Il est 15h30, à Romorantin, bourgade au milieu des domaines de chasse, quelque part en Sologne. Papiers en poche, les dernières vérifications sont vite réglées. Plein d'essence, et c'est parti ! Je viens d'acheter mon Bedford. L'impression de liberté m'accompagnant, les premiers kilomètres sont dévolus à la découverte des fonctionnalités : compteur à 5 chiffres, essuie glaces 'tout ou rien", feux et clignotants... Encore immatriculé en anciennes plaques dans le Loir-et-Cher, le "Groland-Express" fend la grisaille locale par ce samedi d'octobre 2009. Les panneaux défilent, direction Châteauroux ! Ne cessant de traverser des forêts immenses, l'Indre m'accueille après le pont de Selles sur Cher, et les maisons berrichonnes me rappellent que je suis encore loin du but : Ladapeyre, quelque part en Creuse.

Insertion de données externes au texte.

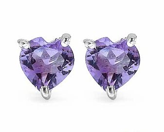 In diesen aussergewöhnlichen Ohrsteckern ist als Stein je ein Amethystim Herzschliff perfekt eingefasst.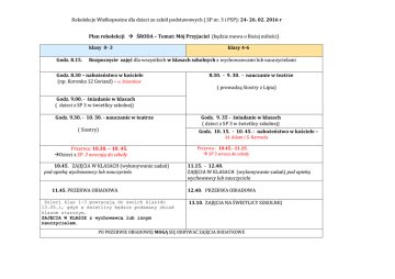 Rekolekcje Wielkopostne dla dzieci ze szkół podstawowych ( SP nr. 3 i PSP): 24- 26. 02. 2016 r Plan rekolekcji ŚRODA – Temat: Mój Przyjaciel (będzie mowa o Bożej miłości) klasy 0- 3 Godz. 8.15. klasy 4-6 Rozpoczęcie zajęć dla wszystkich w klasach szkolnych z wychowawcami lub nauczycielami Godz. 8.30 – nabożeństwo w kościele (np. Koronka 12 Gwiazd) – o. Stanisław 8.30. - 9. 30. - nauczanie w teatrze ( prowadzą Siostry z Lipia) Godz. 9.00. - śniadanie w klasach ( dzieci z SP 3 w świetlicy szkolnej) Godz. 9.30. - 10. 30. - nauczanie w teatrze ( Siostry) Godz. 9. 35 - śniadanie w klasach ( dzieci z SP 3 w świetlicy szkolnej) Godz. 10. 15. - 10. 45. - nabożeństwo w kościele – kl. Adam i S. Karmela Przerwa: 10.30. – 10. 45. Dzieci z SP. 3 wracają do szkoły 10.45. ZAJĘCIA W KLASACH (wykonywanie zadań) pod opieką wychowawcy lub nauczyciela 11.45. PRZERWA OBIADOWA Dzieci klas 1-3 powracają do swoich klas(do 13.05.), gdyż w świetlicy będzie podawany obiad klasom starszym. ZAJĘCIA W KLASIE z wychowawcą lub innym nauczycielem. Przerwa : 10.45.- 11.15. SP 3 wraca do szkoły 11.15. - 12.40. ZAJĘCIA W KLASACH (wykonywanie zadań) pod opieką wychowawcy lub nauczyciela 12.40. PRZERWA OBIADOWA 13.10. ZAJĘCIA NA ŚWIETLICY SZKOLNEJ PO PRZERWIE OBIADOWEJ MOGĄ SIĘ ODBYWAĆ ZAJĘCIA DODATKOWE Rekolekcje Wielkopostne dla dzieci ze szkół podstawowych ( SP nr. 3 i PSP): 24- 26. 02. 2016 r CZWARTEK : Temat: Jak zbliżyć się do Jezusa ( grzeszność człowieka i sumienie) - spowiedź klasy 0-2 !!! Godz. 8.15. klasy 3-6 !!! Rozpoczęcie zajęć dla wszystkich w klasach szkolnych z wychowawcami lub nauczycielami Godz. 8.30 – nauczanie w teatrze ( siostry) 8.30. – 9.30. SPOWIEDŹ ŚWIĘTA w kościele Godz. 9.30. - śniadanie w klasach ( dzieci z SP 3 w świetlicy szkolnej) Godz. 10.00 - 10. 40. Droga Krzyżowa w kaplicy (o. St.) Przerwa 10.45. – 11.00. Dzieci z SP 3 wracają do szkoły 11.00. ZAJĘCIA W KLASACH (wykonywanie zadań) pod opieką wychowawcy lub nauczyciela 11.45. PRZERWA OBIADOWA Dzieci klas 1-3 powracają do swoich klas(do 13.05.), gdyż w świetlicy będzie podawany obiad klasom starszym. Godz. 9. 30 - śniadanie w klasach ( dzieci z SP 3 w świetlicy szkolnej) Godz. 10. 00. - 11.15. Nauczanie w kościele - ( Siostry) Przerwa : 11.15- 11.30. SP 3 wraca do szkoły 11.30. - 12.40. ZAJĘCIA W KLASACH (wykonywanie zadań) pod opieką wychowawcy lub nauczyciela 12.40. PRZERWA OBIADOWA 13.10. ZAJĘCIA NA ŚWIETLICY SZKOLNEJ ZAJĘCIA W KLASIE z wychowawcą lub innym nauczycielem. PO PRZERWIE OBIADOWEJ MOGĄ SIĘ ODBYWAĆ ZAJĘCIA DODATKOWE Rekolekcje Wielkopostne dla dzieci ze szkół podstawowych ( SP nr. 3 i PSP): 24- 26. 02. 2016 r PIĄTEK ( spotkanie z Jezusem – ( o skarbie, jakim jest Niebo i o pragnieniu życia wiecznego) KLASY 0–3 KLASY 4- 6 GODZ. 8.15. ROZPOCZĘCIE LEKCJI W KLASACH Godz. 8.30. – 9.15. Spotkanie wszystkich w teatrze – nauczanie (Siostry) Śniadanie w klasach ( 9.15. – 9. 50) ( SP 3 jw.) Śniadanie w klasach ( 9.15. – 9.50.) (SP 3 jw.) 1. uwaga – mała przerwa na toaletę przed Mszą św. 2. Wyznaczyć miejsca w kościele dla klas, aby uniknąć zamieszania W kościele gromadzimy się o 10.00. – przygotowanie liturgii (śpiew) GODZ. 10. 15. - MSZA ŚW. w kościele dla wszystkich ( liturgię przygotują klasy 5 i 6 z SP nr. 3) Uwaga: wyjście z kościoła po Mszy św. – wypuszczamy dzieci klasami; PSP przez kaplicę; SP nr. 3 zbiórka pod chórem Klasy 0- 3 Godz. 11.45. – przerwa obiadowa Dzieci klas 1-3 powracają do swoich klas jw. Zajęcia w klasach z wychowawcą lub innym nauczycielem. Zajęcia dodatkowe Klasy 4-6 Godz. 11.45. zajęcia w klasach 12.40. – przerwa obiadowa 13.10. zajęcia na szkolnej świetlicy NB. warto pamiętać: REKOLEKCJE PROWADZIĆ BĘDĄ SIOSTRY ZE WSPÓLNOTY DZIECI ŁASKI BOŻEJ Z LIPIA K. KOSZALINA. KONTAKT: S. Grażyna Będą potrzebne materiały plastyczne – każde dziecko ma przygotować podczas zajęć m.inn.duże serce – stąd potrzebny zakup papieru (bristol czerwony)- kredki, mazaki, nożyczki itp. Najlepiej zgłosić do sekretariatu szkoły potrzebę zakupu w/w pomocy do prac w klasach. W rekolekcjach uczestniczą również dzieci ze Szkoły Podstaw. nr. 3 . Prośba do p. Łukasza Ciupińskiego o przygotowanie teatru, sprzętu multimedialnego i nagłośnienia i czuwanie nad w/w Podziękowanie dla Sióstr – dzieci z kl. 2 PSP ( 4 dzieci - kl. 2 a i 2 b) PROŚBA O PUNKTUALNOŚĆ Z NASZEJ STRONY ! ( Dzieci z nauczycielami z SP nr. 3. zawstydzają swoją punktualnością nas na miejscu….)

Un convoi de "Traction" en goguette, certainement de retour d'une concentration, me gratifie de quelques appels de phares... la passion est plus forte que tout ! Si les fourgons aménagés font de même, certains "fortunés" avec des camping-cars valant le prix d'une baraque dans le Berry ont oublié la politesse, et me regardent d'un œil bizarre ... Bah, qu'importe, contrairement à eux, je n'ai pas à payer un crédit pour mon camping-car (et heureusement ^^) En tout cas, moi qui imaginais le Berry plat comme le port de Rotterdam... que nenni ! C'est même carrément vallonné ! Ah, le temps de la SEAT Ibiza est révolu !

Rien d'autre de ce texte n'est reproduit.